## DATA FOR ANALYSIS
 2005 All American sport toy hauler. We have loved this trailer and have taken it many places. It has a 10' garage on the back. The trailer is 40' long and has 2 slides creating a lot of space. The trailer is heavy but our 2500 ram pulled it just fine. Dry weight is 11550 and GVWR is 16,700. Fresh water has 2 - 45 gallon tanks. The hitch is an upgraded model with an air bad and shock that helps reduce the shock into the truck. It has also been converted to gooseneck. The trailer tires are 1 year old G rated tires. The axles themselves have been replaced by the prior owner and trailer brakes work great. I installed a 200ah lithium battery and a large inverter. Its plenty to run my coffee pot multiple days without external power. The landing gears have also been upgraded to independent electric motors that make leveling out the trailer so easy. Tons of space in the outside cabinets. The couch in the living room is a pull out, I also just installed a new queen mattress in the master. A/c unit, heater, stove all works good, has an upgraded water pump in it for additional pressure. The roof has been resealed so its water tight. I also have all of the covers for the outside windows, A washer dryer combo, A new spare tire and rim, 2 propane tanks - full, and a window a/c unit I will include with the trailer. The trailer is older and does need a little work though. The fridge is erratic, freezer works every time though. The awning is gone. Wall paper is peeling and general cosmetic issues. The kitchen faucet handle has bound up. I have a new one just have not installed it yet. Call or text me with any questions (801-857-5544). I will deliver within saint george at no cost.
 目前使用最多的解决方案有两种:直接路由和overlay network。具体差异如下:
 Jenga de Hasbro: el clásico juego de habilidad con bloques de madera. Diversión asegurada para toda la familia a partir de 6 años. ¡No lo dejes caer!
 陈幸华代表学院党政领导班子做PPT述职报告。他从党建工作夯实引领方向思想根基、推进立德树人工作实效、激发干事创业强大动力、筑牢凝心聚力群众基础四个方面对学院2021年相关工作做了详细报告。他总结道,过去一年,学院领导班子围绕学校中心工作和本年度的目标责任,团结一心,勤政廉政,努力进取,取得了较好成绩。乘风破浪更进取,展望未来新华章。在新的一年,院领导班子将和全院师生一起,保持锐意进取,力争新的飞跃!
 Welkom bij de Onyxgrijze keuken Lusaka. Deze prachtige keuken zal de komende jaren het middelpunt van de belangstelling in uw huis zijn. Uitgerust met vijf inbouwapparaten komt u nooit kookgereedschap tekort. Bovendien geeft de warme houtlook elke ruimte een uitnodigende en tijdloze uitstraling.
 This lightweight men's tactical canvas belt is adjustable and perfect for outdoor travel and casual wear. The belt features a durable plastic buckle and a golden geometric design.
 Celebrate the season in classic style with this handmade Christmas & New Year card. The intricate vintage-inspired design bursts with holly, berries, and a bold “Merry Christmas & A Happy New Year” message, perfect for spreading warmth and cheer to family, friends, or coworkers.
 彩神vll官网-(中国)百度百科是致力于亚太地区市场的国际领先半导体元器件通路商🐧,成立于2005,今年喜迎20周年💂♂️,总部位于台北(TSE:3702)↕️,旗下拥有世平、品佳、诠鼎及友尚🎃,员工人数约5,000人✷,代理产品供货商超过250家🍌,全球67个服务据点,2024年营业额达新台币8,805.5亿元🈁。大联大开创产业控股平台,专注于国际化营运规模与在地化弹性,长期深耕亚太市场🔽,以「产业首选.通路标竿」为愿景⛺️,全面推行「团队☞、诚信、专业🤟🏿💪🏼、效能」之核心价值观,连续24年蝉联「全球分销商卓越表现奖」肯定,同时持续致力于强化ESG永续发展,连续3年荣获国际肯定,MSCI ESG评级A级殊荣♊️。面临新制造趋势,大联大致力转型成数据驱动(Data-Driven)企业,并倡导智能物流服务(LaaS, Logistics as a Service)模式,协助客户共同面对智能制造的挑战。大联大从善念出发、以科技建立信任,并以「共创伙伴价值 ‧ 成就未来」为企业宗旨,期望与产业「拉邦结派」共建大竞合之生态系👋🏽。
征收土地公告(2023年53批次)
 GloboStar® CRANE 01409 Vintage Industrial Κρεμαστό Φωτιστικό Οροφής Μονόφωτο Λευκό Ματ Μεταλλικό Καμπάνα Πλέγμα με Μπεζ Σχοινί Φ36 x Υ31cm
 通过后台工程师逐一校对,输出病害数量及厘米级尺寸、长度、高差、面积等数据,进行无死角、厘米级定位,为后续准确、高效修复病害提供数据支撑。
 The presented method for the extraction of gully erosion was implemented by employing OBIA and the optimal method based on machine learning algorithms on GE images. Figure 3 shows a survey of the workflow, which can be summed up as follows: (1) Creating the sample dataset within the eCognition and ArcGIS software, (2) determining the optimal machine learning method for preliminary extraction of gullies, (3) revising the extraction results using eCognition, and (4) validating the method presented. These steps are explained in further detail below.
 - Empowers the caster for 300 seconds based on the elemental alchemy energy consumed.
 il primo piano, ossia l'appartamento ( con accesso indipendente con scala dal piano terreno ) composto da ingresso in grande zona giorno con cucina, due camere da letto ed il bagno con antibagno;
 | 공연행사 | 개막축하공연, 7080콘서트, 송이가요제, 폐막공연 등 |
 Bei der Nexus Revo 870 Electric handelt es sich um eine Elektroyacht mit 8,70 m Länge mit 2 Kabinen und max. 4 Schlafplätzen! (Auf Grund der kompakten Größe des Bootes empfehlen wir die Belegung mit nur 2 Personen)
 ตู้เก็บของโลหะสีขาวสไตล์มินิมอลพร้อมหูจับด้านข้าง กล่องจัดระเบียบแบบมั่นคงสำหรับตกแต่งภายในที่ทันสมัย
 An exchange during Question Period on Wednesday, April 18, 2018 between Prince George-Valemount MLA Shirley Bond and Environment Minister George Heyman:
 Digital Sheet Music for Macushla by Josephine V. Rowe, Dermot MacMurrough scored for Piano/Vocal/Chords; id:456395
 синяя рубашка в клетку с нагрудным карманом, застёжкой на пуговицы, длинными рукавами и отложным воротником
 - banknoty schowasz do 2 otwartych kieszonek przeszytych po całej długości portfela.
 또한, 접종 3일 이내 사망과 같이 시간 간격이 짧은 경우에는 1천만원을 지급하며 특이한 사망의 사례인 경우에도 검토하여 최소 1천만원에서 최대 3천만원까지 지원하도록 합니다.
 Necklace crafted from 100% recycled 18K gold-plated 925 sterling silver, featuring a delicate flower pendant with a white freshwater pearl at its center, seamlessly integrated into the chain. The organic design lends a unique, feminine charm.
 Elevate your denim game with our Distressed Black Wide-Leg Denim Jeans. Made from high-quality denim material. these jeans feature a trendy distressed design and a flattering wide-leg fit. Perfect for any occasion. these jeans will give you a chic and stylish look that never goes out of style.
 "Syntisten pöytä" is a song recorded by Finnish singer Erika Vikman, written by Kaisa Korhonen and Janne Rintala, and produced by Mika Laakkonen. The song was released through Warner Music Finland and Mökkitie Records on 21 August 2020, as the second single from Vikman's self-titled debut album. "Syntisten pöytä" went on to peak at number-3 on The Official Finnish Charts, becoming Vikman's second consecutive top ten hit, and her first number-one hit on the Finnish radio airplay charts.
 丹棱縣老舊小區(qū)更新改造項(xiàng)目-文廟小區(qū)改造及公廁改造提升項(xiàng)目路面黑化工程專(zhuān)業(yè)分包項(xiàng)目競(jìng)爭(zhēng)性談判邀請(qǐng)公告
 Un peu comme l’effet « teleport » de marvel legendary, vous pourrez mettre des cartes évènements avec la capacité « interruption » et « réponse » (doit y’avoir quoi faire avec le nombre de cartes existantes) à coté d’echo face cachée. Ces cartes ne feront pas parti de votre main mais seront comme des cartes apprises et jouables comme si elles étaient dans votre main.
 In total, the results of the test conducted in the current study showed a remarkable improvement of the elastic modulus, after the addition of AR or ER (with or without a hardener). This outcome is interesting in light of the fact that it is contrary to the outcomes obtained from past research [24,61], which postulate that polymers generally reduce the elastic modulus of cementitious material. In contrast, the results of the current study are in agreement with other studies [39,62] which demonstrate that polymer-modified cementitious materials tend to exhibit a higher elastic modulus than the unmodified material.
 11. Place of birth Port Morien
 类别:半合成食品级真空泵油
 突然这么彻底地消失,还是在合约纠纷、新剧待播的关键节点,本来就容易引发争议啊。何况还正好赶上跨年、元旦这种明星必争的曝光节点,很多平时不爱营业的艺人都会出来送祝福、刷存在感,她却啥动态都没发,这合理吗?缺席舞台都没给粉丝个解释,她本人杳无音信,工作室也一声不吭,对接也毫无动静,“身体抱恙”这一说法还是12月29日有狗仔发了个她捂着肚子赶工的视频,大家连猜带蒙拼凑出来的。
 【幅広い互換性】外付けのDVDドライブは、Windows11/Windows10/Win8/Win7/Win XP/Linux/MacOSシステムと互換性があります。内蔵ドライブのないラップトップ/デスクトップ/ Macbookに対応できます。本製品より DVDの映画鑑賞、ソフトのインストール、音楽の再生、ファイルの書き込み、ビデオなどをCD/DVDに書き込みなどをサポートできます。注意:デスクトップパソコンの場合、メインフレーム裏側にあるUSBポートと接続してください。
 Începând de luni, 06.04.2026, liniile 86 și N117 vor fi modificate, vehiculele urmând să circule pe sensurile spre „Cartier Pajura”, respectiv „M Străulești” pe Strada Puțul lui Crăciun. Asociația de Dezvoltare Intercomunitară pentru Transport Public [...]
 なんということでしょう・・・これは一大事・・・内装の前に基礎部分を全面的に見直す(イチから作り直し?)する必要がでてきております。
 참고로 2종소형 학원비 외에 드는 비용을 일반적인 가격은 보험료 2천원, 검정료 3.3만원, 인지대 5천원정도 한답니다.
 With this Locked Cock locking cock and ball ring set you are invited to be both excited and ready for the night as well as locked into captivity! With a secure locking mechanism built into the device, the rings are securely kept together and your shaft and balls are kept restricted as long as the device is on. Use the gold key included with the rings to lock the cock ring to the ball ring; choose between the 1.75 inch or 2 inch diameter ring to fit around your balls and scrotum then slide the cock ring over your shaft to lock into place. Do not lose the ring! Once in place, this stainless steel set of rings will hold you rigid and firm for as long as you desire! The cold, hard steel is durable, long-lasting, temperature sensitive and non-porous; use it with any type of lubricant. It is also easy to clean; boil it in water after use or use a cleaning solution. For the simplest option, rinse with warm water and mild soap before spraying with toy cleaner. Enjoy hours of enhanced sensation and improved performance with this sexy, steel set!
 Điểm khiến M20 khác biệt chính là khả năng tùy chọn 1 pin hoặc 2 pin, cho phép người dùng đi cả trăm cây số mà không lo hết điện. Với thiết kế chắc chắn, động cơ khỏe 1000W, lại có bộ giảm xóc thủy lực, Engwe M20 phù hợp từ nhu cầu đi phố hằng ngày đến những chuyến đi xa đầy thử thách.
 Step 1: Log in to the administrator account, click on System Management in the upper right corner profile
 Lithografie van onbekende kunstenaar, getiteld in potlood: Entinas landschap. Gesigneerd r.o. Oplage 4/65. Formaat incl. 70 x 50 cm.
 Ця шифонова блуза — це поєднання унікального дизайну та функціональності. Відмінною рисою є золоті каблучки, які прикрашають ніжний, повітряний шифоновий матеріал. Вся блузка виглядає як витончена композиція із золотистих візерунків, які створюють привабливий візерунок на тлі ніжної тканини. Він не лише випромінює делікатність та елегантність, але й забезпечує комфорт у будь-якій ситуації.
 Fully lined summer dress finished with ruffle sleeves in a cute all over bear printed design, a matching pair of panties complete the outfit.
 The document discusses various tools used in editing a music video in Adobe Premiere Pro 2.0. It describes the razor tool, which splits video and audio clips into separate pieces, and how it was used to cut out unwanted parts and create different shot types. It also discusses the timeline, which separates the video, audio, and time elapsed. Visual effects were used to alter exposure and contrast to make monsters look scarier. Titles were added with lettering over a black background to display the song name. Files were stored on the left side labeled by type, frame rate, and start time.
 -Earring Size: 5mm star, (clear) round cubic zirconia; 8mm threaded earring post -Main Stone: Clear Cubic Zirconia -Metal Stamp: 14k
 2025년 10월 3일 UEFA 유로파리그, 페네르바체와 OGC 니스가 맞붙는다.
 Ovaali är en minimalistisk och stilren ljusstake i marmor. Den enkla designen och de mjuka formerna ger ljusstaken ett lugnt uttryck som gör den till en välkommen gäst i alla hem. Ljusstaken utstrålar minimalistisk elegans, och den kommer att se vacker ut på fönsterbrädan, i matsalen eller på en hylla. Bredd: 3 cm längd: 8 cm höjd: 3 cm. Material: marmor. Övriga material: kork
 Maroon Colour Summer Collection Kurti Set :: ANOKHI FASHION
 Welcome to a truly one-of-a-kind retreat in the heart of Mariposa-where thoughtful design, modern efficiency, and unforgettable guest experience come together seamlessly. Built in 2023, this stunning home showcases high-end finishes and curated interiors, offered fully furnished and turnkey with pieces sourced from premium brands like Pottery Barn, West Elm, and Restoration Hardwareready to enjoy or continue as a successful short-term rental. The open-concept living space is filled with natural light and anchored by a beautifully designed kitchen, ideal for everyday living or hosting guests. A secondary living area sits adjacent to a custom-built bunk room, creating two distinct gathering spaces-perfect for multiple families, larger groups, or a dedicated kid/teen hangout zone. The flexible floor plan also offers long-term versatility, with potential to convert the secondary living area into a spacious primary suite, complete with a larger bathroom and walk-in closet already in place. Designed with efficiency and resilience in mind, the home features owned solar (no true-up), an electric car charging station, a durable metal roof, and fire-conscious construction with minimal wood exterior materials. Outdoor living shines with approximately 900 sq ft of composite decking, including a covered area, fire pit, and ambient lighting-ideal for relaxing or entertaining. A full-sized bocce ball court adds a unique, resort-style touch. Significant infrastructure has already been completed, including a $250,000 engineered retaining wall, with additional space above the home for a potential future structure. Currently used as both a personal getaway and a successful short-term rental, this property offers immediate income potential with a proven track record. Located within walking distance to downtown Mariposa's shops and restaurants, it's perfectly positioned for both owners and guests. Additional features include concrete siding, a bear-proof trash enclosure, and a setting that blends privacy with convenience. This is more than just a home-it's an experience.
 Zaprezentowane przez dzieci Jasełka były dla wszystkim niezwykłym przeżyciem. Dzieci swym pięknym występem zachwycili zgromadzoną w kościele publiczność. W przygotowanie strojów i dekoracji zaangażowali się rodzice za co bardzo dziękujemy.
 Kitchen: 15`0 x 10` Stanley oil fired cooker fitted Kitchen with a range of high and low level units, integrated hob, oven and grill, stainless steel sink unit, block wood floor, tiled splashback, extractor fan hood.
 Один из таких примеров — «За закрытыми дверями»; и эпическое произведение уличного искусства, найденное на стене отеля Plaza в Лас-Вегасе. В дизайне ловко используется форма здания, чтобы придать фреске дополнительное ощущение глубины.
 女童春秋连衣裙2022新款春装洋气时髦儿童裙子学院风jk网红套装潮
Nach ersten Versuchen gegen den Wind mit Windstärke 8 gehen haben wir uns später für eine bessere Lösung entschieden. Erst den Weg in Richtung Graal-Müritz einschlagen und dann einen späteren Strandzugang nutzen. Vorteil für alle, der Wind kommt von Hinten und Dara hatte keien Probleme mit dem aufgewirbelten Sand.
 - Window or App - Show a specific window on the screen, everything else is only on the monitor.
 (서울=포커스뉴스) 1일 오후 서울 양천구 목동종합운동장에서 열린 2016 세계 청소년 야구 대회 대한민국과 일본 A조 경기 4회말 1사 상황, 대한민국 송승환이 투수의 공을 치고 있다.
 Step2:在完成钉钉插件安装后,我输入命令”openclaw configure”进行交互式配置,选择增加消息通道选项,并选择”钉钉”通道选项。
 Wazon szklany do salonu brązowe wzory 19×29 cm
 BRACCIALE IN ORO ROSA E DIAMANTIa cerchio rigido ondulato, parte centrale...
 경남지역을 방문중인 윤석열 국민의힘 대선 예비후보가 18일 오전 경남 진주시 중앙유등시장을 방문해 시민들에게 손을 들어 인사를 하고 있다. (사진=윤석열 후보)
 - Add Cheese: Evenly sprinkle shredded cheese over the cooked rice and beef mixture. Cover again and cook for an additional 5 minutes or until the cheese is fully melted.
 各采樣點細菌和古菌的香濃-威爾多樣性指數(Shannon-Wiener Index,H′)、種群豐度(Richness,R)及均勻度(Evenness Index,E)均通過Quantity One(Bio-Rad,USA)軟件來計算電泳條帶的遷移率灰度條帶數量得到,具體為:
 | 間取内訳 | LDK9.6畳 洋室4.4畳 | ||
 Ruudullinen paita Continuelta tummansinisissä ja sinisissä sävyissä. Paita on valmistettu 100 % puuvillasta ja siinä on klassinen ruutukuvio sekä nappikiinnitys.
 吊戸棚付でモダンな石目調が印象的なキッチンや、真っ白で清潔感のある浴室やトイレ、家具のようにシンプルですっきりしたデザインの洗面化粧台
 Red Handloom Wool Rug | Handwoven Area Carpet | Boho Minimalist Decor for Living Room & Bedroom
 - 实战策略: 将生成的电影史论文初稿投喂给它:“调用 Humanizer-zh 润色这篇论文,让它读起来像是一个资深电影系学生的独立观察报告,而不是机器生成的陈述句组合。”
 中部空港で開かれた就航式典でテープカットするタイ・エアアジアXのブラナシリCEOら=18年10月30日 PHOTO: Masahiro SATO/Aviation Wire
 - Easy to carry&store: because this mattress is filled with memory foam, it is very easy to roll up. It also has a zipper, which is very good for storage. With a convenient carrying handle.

## TASK REQUIREMENTS
Show all lines above holding "eine".

## RESPONSE AREA
 Bei der Nexus Revo 870 Electric handelt es sich um eine Elektroyacht mit 8,70 m Länge mit 2 Kabinen und max. 4 Schlafplätzen! (Auf Grund der kompakten Größe des Bootes empfehlen wir die Belegung mit nur 2 Personen)
Nach ersten Versuchen gegen den Wind mit Windstärke 8 gehen haben wir uns später für eine bessere Lösung entschieden. Erst den Weg in Richtung Graal-Müritz einschlagen und dann einen späteren Strandzugang nutzen. Vorteil für alle, der Wind kommt von Hinten und Dara hatte keien Probleme mit dem aufgewirbelten Sand.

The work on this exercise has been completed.